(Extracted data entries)
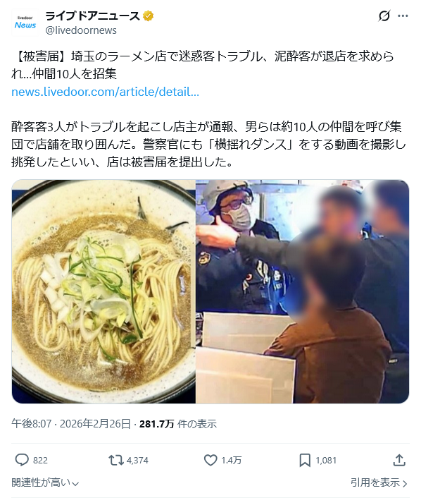 | … | 22無念Nameとしあき26/02/27(金)21:41:07No.1390438870そうだねx1 1772196067760.jpg-(57594 B) 埼玉県春日部市にある、早朝から行列ができることで知られる人気ラーメン店「煮干乱舞 本店」。9年連続で「食べログ ラーメン EAST 百名店」に選出されるなど、全国的な知名度を誇る人気店にて、前代未聞の“集団威迫事件”が発生した。ある3人の泥酔客が店内でトラブルを起こし店主が通報、男らは約10人の仲間を“召喚”し集団で店舗を取り囲んだ。警察官が駆けつけても、男らは「横揺れダンス」を踊る動画を撮影し挑発、店の防犯カメラに不遜な態度が記録されていた。店はすでに春日部警察署に被害届を提出しているという。 |
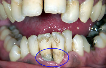 歯垢と歯石が歯について、歯ぐきが下がっています。
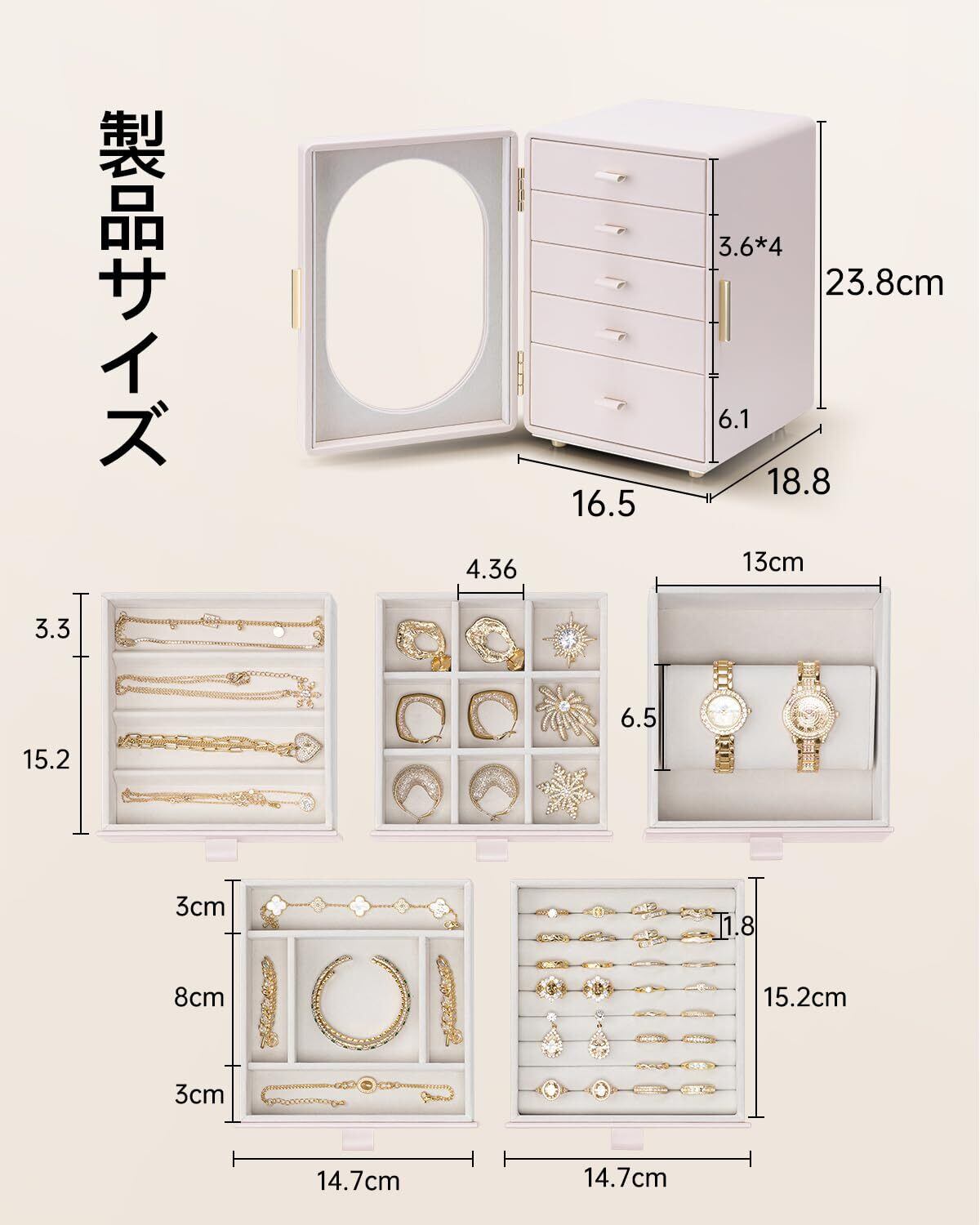 【5段式ジュエリーボックス】:この大きなジュエリーボックスには、多機能の収納スペースで、リングやイヤリング、ネックレス、ブレスレット、腕時計などを収納できます。機能性と美しさを兼ね備えたこのジュエリーボックスは、日常使用にもデザインを楽しむ特別な場面にもピッタリです。
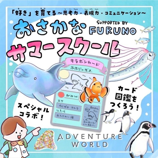 “誰もがキラボシ”という想いに共鳴し、イルカやクジラ、ペンギンなど多くの命と向き合うアドベンチャーワールドさんとのスペシャルコラボが実現しました。さらに今回で5回目となるおさかなスクールがついにリアル開催!
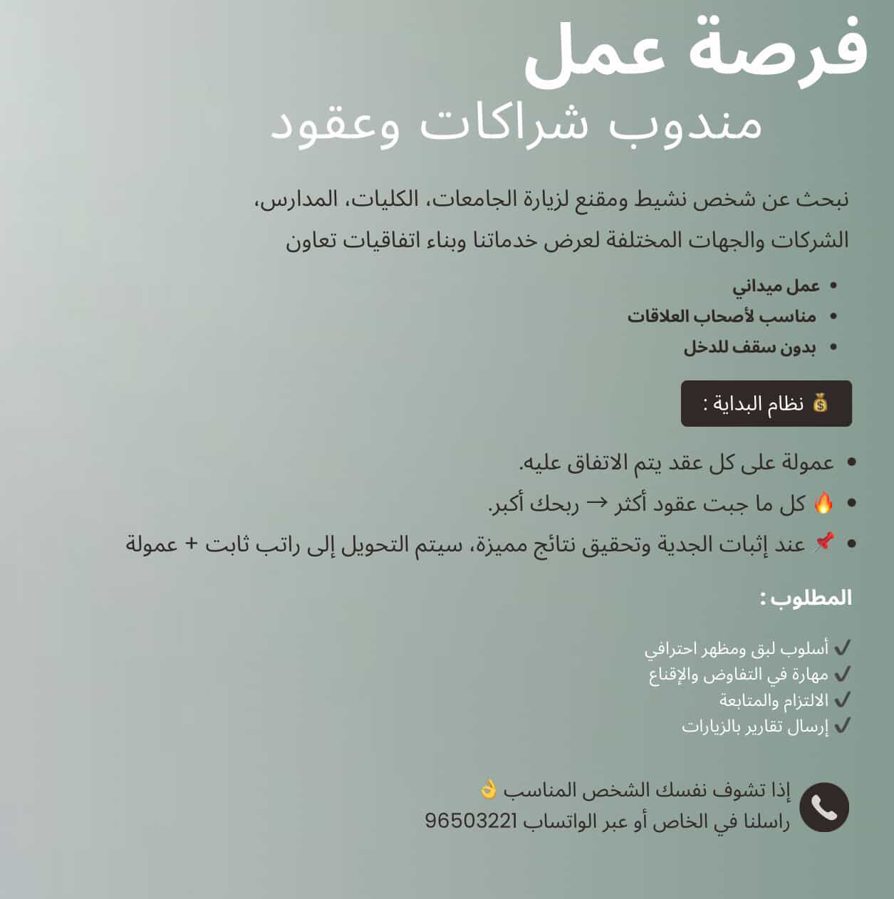 شركة رائدة في مسقط - وظيفة شاغرة ( مندوب شراكات وعقود )
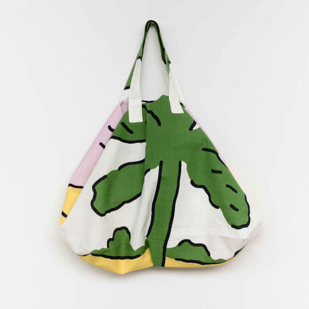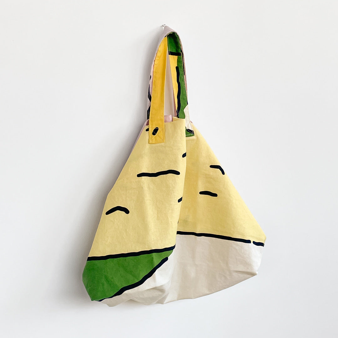 このバッグはカーテンとして使えなくなった布をアップサイクルして作られています。
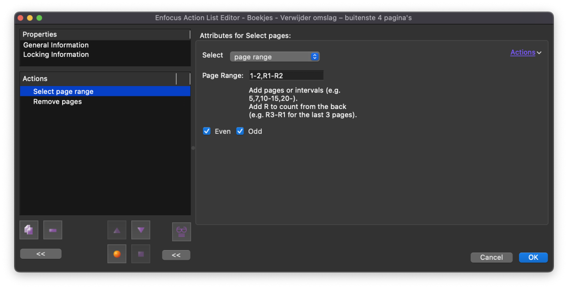 Maak in PitStop de action voor het binnenwerk. In de eerst stap kiezen we voor ‘Page Range: 1-2,R1-R2’. De R staat voor ‘Reverse’, de laatste twee pagina’s. De tweede stap verwijdert de selectie.
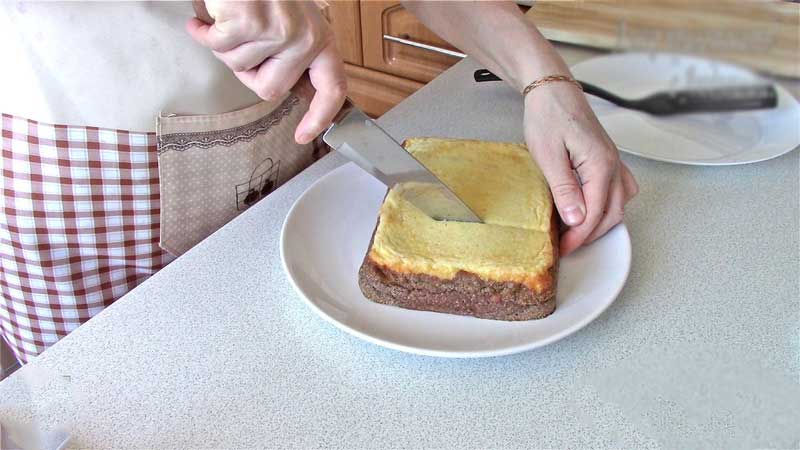 După ce prajitura s-a răcit puțin, acoperiți forma cu o farfurie de dimensiuni potrivite și răsturnați-o cu grijă pentru a transfera desertul pe farfurie. Astfel, va arăta mult mai atractivă decât în formă. Tăiați prajitura în porții și serviți.
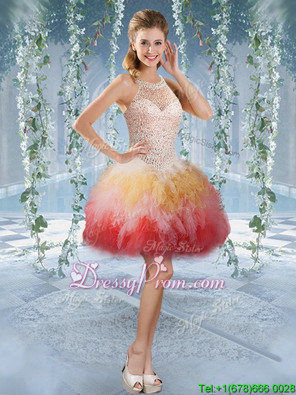 Neckline : Halter topShown Color : Multi-colorSilhouette : Ball GownsSleeve Length : sleevelessHemline : mini lengthBack Detail : Lace upFabric : TulleEmbellishment : Beading,EmbroideryOccasion : Prom,PartySeason : Spring,Summer,Fall
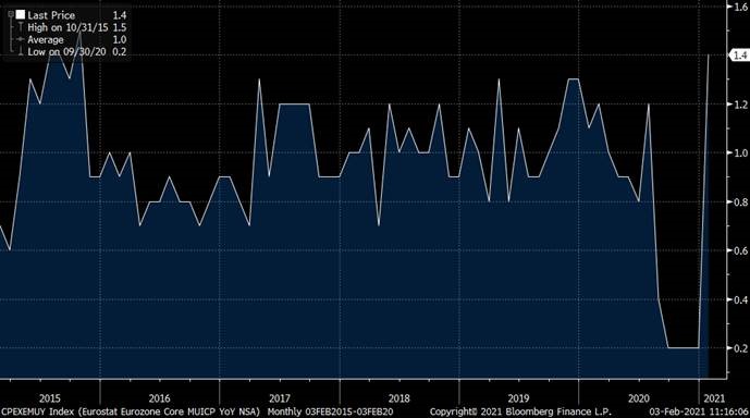 Inflación core Eurozona (1,40% 4T20 interanual) en máximos de los últimos 5 años. La inflación core excluye los precios de la energía, comida, alcohol y tabaco.
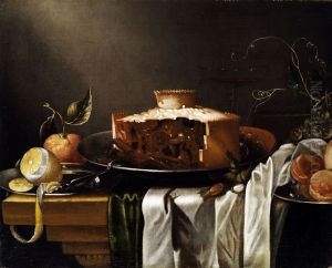 Nature Morte A La Tourte Et Aux Plats De Fruits
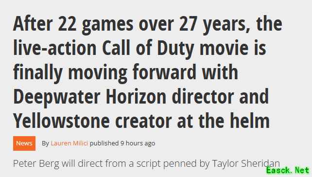 根据派拉蒙影业最新报道,彼得·伯格将与泰勒·谢里丹共同执导、编剧并制作《使命召唤》电影版,谢里丹也将担任编剧和制片人。
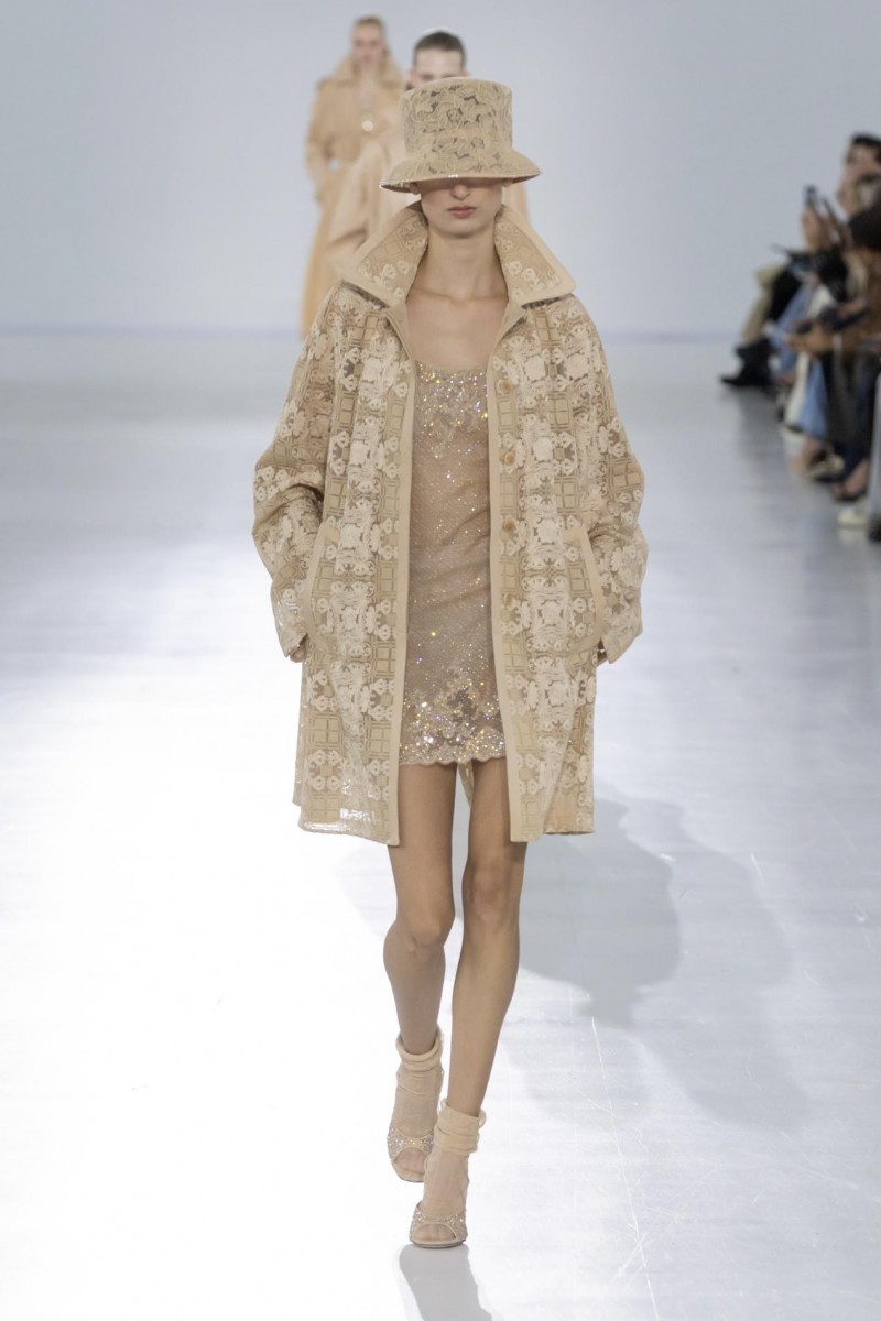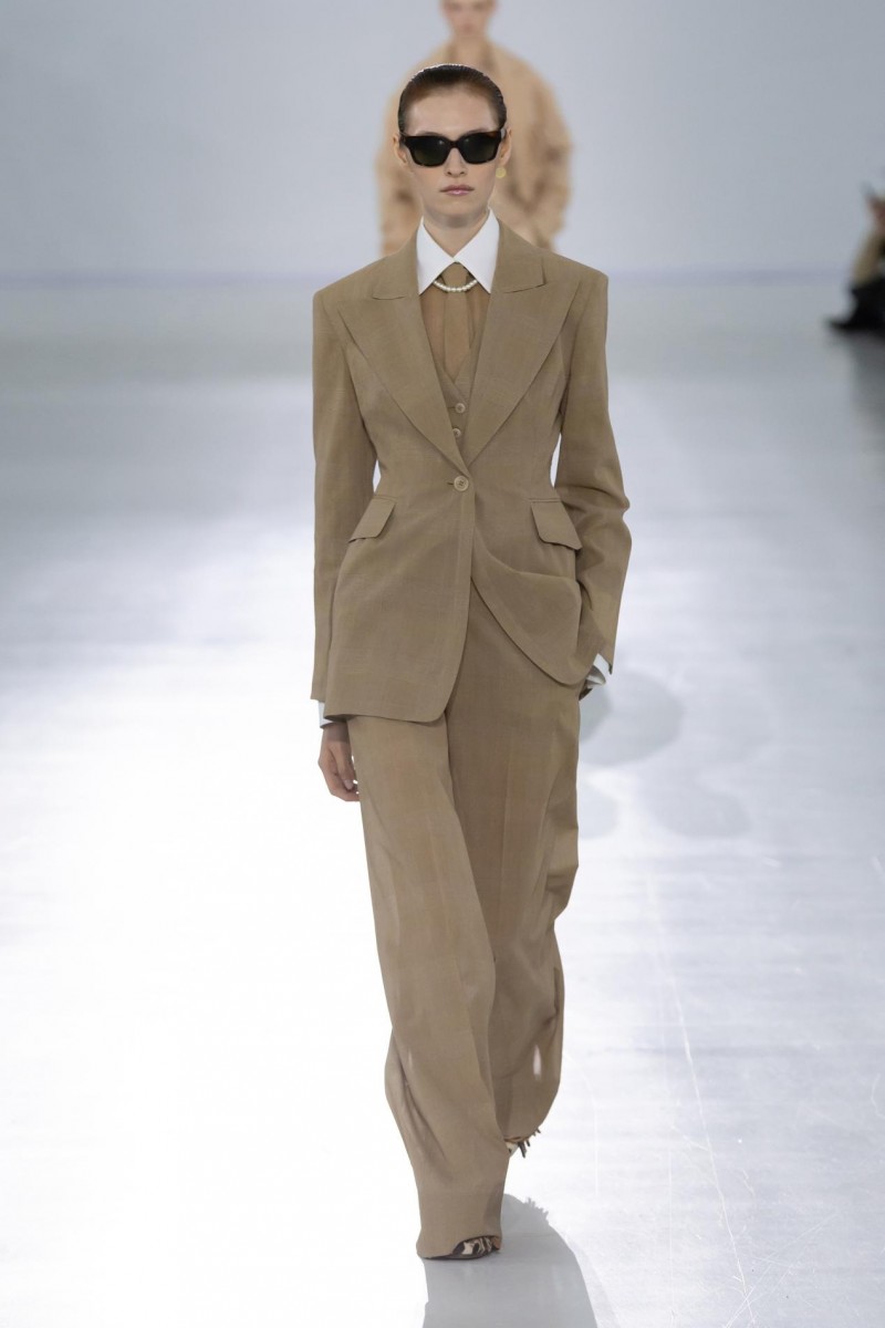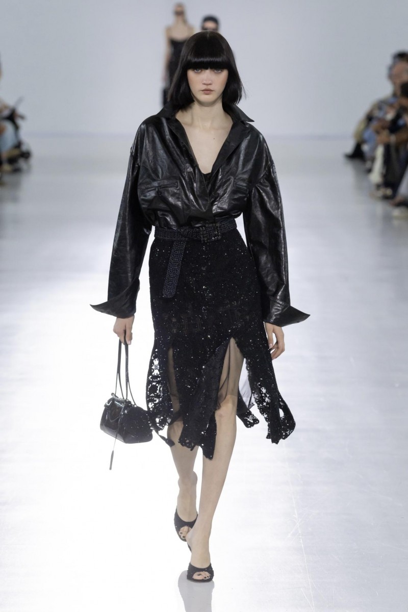 材质与面料通过工艺革新实现平衡与蜕变。经典的"鸢尾花瓣"叠层工艺,让雪纺在保持空灵通透的同时,铸造意想不到的廓形结构,它依旧是雪纺,却焕发出前所未有的新生,这甚至运用于西装剪裁之中。同样,如羽毛般轻盈的细腻纳帕皮革被压褶成不规则形态,却始终保持着原有的柔润光泽。

**EXERCISE**
Reproduce all of the entries exactly as they appear, though any picture they include must be omitted.

**ANSWER**
 | … | 22無念Nameとしあき26/02/27(金)21:41:07No.1390438870そうだねx1 1772196067760.jpg-(57594 B) 埼玉県春日部市にある、早朝から行列ができることで知られる人気ラーメン店「煮干乱舞 本店」。9年連続で「食べログ ラーメン EAST 百名店」に選出されるなど、全国的な知名度を誇る人気店にて、前代未聞の“集団威迫事件”が発生した。ある3人の泥酔客が店内でトラブルを起こし店主が通報、男らは約10人の仲間を“召喚”し集団で店舗を取り囲んだ。警察官が駆けつけても、男らは「横揺れダンス」を踊る動画を撮影し挑発、店の防犯カメラに不遜な態度が記録されていた。店はすでに春日部警察署に被害届を提出しているという。 |
 歯垢と歯石が歯について、歯ぐきが下がっています。
 【5段式ジュエリーボックス】:この大きなジュエリーボックスには、多機能の収納スペースで、リングやイヤリング、ネックレス、ブレスレット、腕時計などを収納できます。機能性と美しさを兼ね備えたこのジュエリーボックスは、日常使用にもデザインを楽しむ特別な場面にもピッタリです。
 “誰もがキラボシ”という想いに共鳴し、イルカやクジラ、ペンギンなど多くの命と向き合うアドベンチャーワールドさんとのスペシャルコラボが実現しました。さらに今回で5回目となるおさかなスクールがついにリアル開催!
 شركة رائدة في مسقط - وظيفة شاغرة ( مندوب شراكات وعقود )
 このバッグはカーテンとして使えなくなった布をアップサイクルして作られています。
 Maak in PitStop de action voor het binnenwerk. In de eerst stap kiezen we voor ‘Page Range: 1-2,R1-R2’. De R staat voor ‘Reverse’, de laatste twee pagina’s. De tweede stap verwijdert de selectie.
 După ce prajitura s-a răcit puțin, acoperiți forma cu o farfurie de dimensiuni potrivite și răsturnați-o cu grijă pentru a transfera desertul pe farfurie. Astfel, va arăta mult mai atractivă decât în formă. Tăiați prajitura în porții și serviți.
 Neckline : Halter topShown Color : Multi-colorSilhouette : Ball GownsSleeve Length : sleevelessHemline : mini lengthBack Detail : Lace upFabric : TulleEmbellishment : Beading,EmbroideryOccasion : Prom,PartySeason : Spring,Summer,Fall
 Inflación core Eurozona (1,40% 4T20 interanual) en máximos de los últimos 5 años. La inflación core excluye los precios de la energía, comida, alcohol y tabaco.
 Nature Morte A La Tourte Et Aux Plats De Fruits
 根据派拉蒙影业最新报道,彼得·伯格将与泰勒·谢里丹共同执导、编剧并制作《使命召唤》电影版,谢里丹也将担任编剧和制片人。
 材质与面料通过工艺革新实现平衡与蜕变。经典的"鸢尾花瓣"叠层工艺,让雪纺在保持空灵通透的同时,铸造意想不到的廓形结构,它依旧是雪纺,却焕发出前所未有的新生,这甚至运用于西装剪裁之中。同样,如羽毛般轻盈的细腻纳帕皮革被压褶成不规则形态,却始终保持着原有的柔润光泽。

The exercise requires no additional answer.